Д. Шостакович. «Оранго». «Условно убитый». Пермский театр оперы и балета им. П. И. Чайковского. Режиссер-постановщик и хореограф Алексей Мирошниченко, художник-постановщик Андрей Войтенко

Для меломанов и их оперно-балетных коллег лозунг «В Москву, в Москву!» уже не актуален. «В Петербург, в Петербург!» — тоже вряд ли. Исключительно в Пермь: туда переместились важнейшие события под грифом «впервые в России». Там чинная публика готова слушать музыку в полной темноте и лежа на ковре. Там Сергей Павлович Дягилев из грозного импресарио с бульдожьим лицом обернулся звонким юношей в футболке — по крайней мере так он выглядел на афишах фестиваля собственного имени в 2015 году.
Героем этого фестиваля стал еще один звонкий юноша, Дмитрий Шостакович, двадцати четырех лет от роду: мировая премьера его балета «Условно убитый» и оперы «Оранго» прошла в день открытия. Оба сочинения датируются 1931–1932 годами, оба только недавно извлечены из глубины архивных руд и оркестрованы британцем Джерардом МакБёрни.
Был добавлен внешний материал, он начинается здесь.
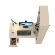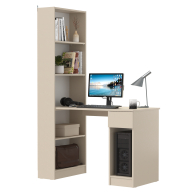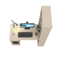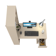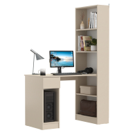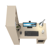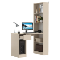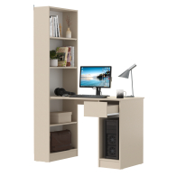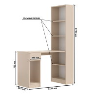 Данная модель представляет собой сочетание удобного однотумбового стола и открытого стеллажа. Такой тандем составляет удобное рабочее место, занимая минимум места, предоставляет максимум функционального наполнения. Стол имеет большую столешницу на которой можно разместить и рабочие документы, и учебные принадлежности. С одной стороны столешница закреплена на тумбе, с другой - на полочке открытого стеллажа. Тумба стола имеет выдвижной ящик и открытую нишу для системного блока стационарного компьютера. Если же, у Вас в пользовании ноутбук, ниша пригодится для размещения портфеля, сумочки или рюкзака. Стеллаж в данной конструкции значительно увеличивает комфорт рабочего места. На четырёх полочках стеллажа можно разместить все, что необходимо для результативной работы или учёбы. Папки с документами, журналы, учебники и книги, мелкая офисная техника, предметы декора или игрушки. Завершив работу, положите на полочку сложенный ноутбук и освободите столешницу для игры с ребенком или собирания пазлов. Стол удовлетворит любые Ваши запросы и приятно удивит как функциональностью, так и демократичной ценой. Универсален при сборке - стеллаж можно расположить как с левой стороны, так и с правой.

Вообще говоря, балета «Условно убитый» Шостакович не писал — так называлось эстрадно-цирковое ревю в ленинградском Мюзик-холле, которое с легкостью и озорством обыгрывало стратегические темы «Крепи оборону страны» и «Учись владеть противогазом». Там были погони и массовые полеты, военрук по фамилии Бейбуржуев читал монолог об отравляющих веществах, а двенадцать апостолов рассекали на мотоциклах. Авторов (весь цвет ленинградского авангарда — Дунаевский, Лопухов, Акимов, Дмитриев) обвинили в политической близорукости, и спектакль сняли. То, что сегодня стало балетом, — лишь тринадцать номеров из оригинальных сорока с лишним, хотя сюжет с противогазовыми учениями сохранился.
Опера «Оранго» создавалась по заказу Большого театра к 15-летию Октября. Сюжет: французский ученый Гуро проводит успешный эксперимент по оплодотворению обезьяны мужскими клетками; его опыты разоблачает бульварный журналист Дюран. Дитя эксперимента, обезьяно-человек Оранго, становится учеником Дюрана, ведет антисоветскую агитацию, убивает своего создателя, а затем превращается в обезьяну, которую продают в советский цирк. Шостакович успел написать только Пролог: в этот момент реальный прототип ученого Гуро, эмбриолог Илья Петров, умер в заключении, а либреттист Алексей Толстой срочно занялся другим заказом. Часть музыки вошла в «Леди Макбет Мценского уезда», которая сочинялась параллельно, — вообразите, каким мог быть «Оранго», допиши его Шостакович. Советский музыкальный театр недосчитался одного из лучших своих творений.
На один вечер в Перми воскрес дерзкий и азартный дух начала тридцатых, когда умы будоражила идея сорокаэтажных домов-коммун, а создание сверхчеловека казалось делом недалекого будущего. Да попросту: когда в соседнем доме жил гений и можно было запросто заказать ему новую оперу. Ранние партитуры Шостаковича Теодор Курентзис и оркестр musicAeterna сыграли именно дерзко и азартно: страна встает со славою на встречу дня. Но кроме того — время утопий истекло, над головами сияет «встречное солнце», но горизонт уже почернел. Увертюра (одна и та же в обеих частях) сулит мало веселого и звучит страгическим надрывом; незатейливые польки мутируют в зловещие галопы, квазиджазовая вакханалия несется над пропастью.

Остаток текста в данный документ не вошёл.